The practicability of machine-sewing being demonstrated, inventions of considerable originality and merit followed in quick succession. One of the most ingenious of all the inventors—who worked also without knowledge of previous efforts—was Mr Allan B. Wilson. In 1849 he devised the rotary hook and bobbin combination, forming the special feature of the Wheeler & Wilson machine. Wilson obtained a patent for his machine, which included the important and effective four-motion feed for moving the work after every stitch, in November 1850. In February 1851 William O. Grover, a tailor, of Boston, patented his double chain-stitch action, which formed the basis of the Grover & Baker machine. In 1856 James A. E. Gibbs (1829-1902), a Virginia farmer, devised the chain-stitch machine, improved subsequently by J. Willcox and now known as the Willcox & Gibbs. These together—all American inventions—form the types of the various machines now in common use. Thousands of patents have been issued in the United States and Europe, covering improvements in the sewing machine; but, although its efficiency and usefulness have been greatly increased by numerous accessories and attachments, the main principles of the various machines have not been affected thereby.
In machine sewing three varieties of stitch are made—(1) the simple chain or tambour stitch, (2) the double chain stitch and (3) the lock stitch. In the first variety the machine works with a single thread; the other forms use two, an upper and an under thread.
Fig. 3.—Chain Stitch.
The structure of the chain stitch is shown in fig. 3. The needle first descends through the cloth, then as it begins to ascend the friction of the thread against the fabric is sufficient to form a small loop into which the point of a hook operating under the cloth plate enters, expanding and holding the loop while the needle rises to its full height. The feed then moves the fabric forward one stitch length, the hook with its loop is also projected so that when next the needle descends its loop is formed within the previous loop. The hook then releases loop No. 1, seizes and expands loop No. 2, and in so doing draws up the previous loop into a stitch, chain-like on the under side but plain on the upper surface of the fabric. The seam so made is firm and elastic, but easily undone, for if at any point a thread is broken the whole of the sewing can be readily run out backwards by pulling the thread, just as in crochet work. To a certain extent this imperfection in the chain-stitch machine is overcome in the Wilcox & Gibbs machine, in which each loop, by means of a rotating hook, is twisted half a revolution after it has passed through its predecessor. The somewhat complicated course of the threads in the double chain stitch of the Grover & Baker machine is shown in fig. 4. The under thread was supplied from an ordinary bobbin and was threaded through a circular needle of peculiar form. The machine was wasteful of thread, and the sewing formed a knotted ridge on the under side of the fabric.

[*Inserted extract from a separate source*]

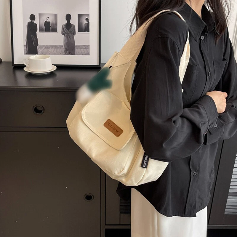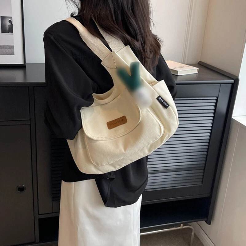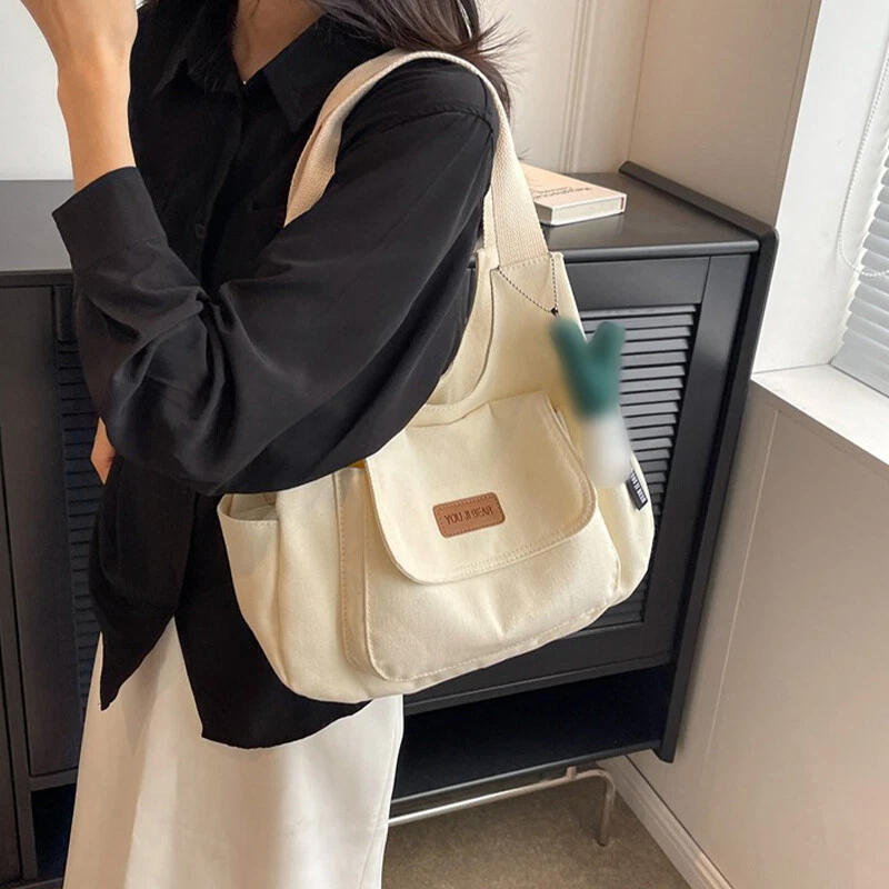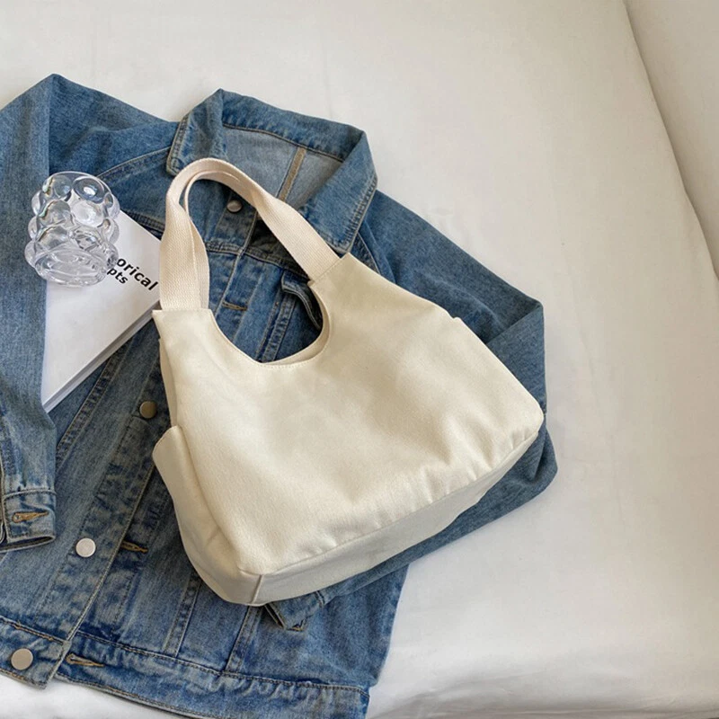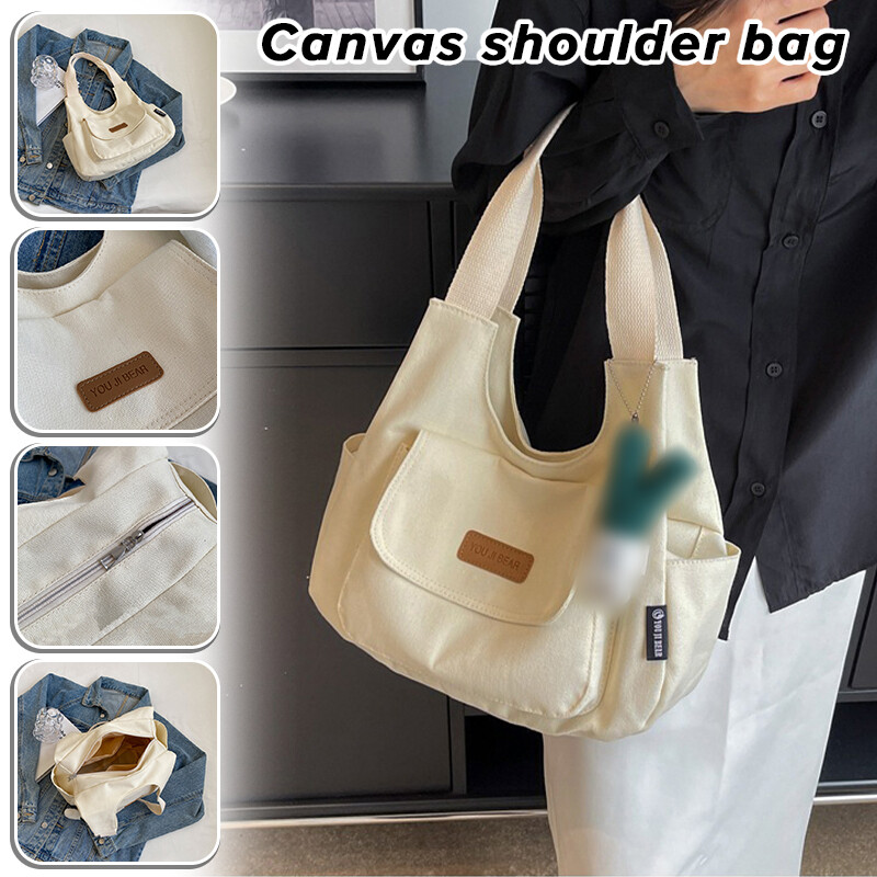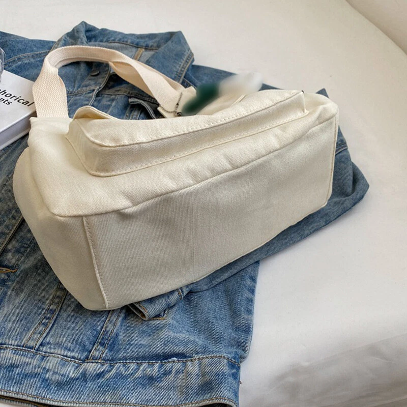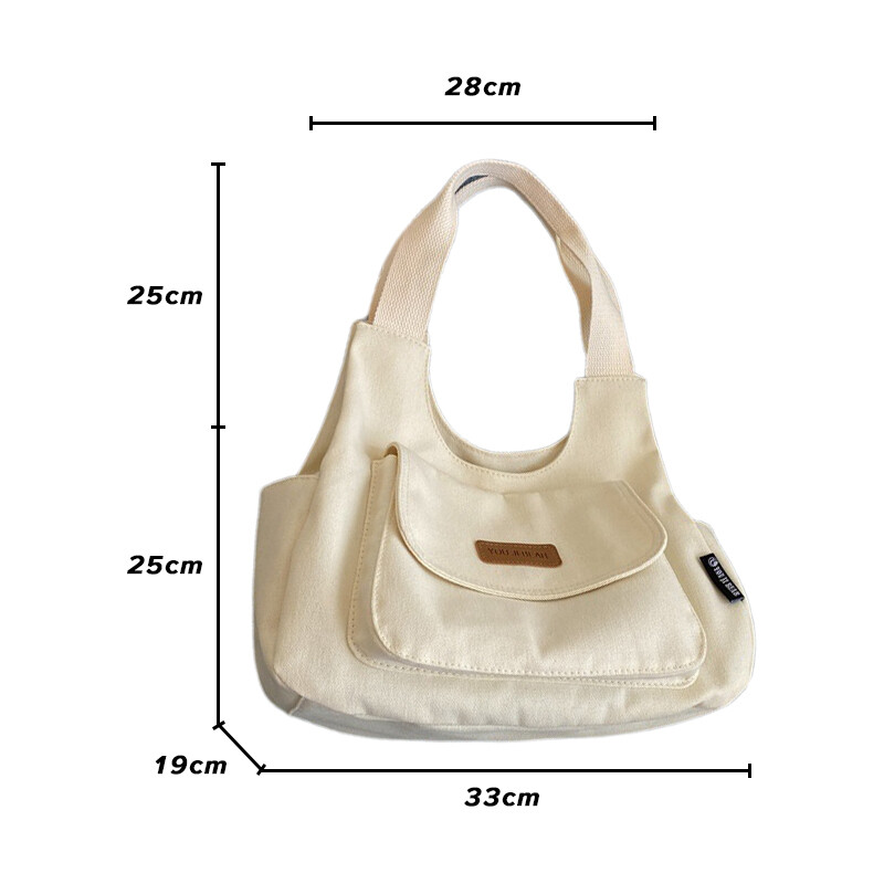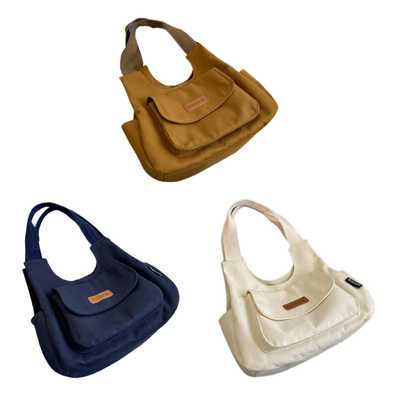 Color: Brown, Dark Blue, White Material: Canvas Bag style: Shoulder bag Lining: Polyester Opening method: Zipper Applicable scenarios: daily matching, commuting to work, students attending classes Package included:1 x Canvas Bag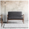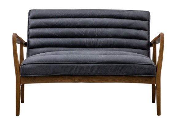 Stylish mid-century 2 seater sofa in Antique Ebony top grade leather depicting natural textures and grains, decorative horizontal channel stitched detailing and a solid oak angled frame.

Fig. 4.—Double Chain Stitch.
Fig. 5.—Lock Stitch.
The lock stitch is that made by all ordinary two-thread sewing machines, and is a stitch peculiar to machine sewing. Its structure is, as shown in fig. 5, very simple, and when by proper tension the threads interlock within the work it shows the same on both sides and is very secure. When, however, the tension on the upper thread is weak, the under thread runs along the surface as at b, held more or less tightly by the upper loops. It will be seen that to make the lock stitch the under thread has to be passed quite through the loop of the upper thread. That is done in two principal ways. By the first plan a small metal shuttle, holding within it a bobbin of thread, is carried backward and forward under the cloth plate, and at each forward movement passes through the upper thread loop formed by each succeeding stroke of the needle. Such is the principle devised by Hunt, introduced by Howe, and improved by Singer and many others. The second principal method of forming the lock stitch consists in seizing the loop of the upper thread by a rotating hook, expanding the loop and passing it around a stationary bobbin within which is wound the under thread. The method is the invention of A. B. Wilson, and is known generally as the Wheeler & Wilson principle. The rotary hook seen at b, fig. 6, is so bevelled and notched that it opens and expands the upper thread loop, causing it quite to enclose the bobbin of under thread, after which it throws it off and the so-formed lock stitch is pulled up and tightened either by an independent take-up motion as in later machines, or by the expansion of the next loop as in the older forms. The bobbin A, lenticular in form, and its case B, fig. 6, fit easily into a circular depression within the hook, against which they are held by the bobbin holder a, fig. 6.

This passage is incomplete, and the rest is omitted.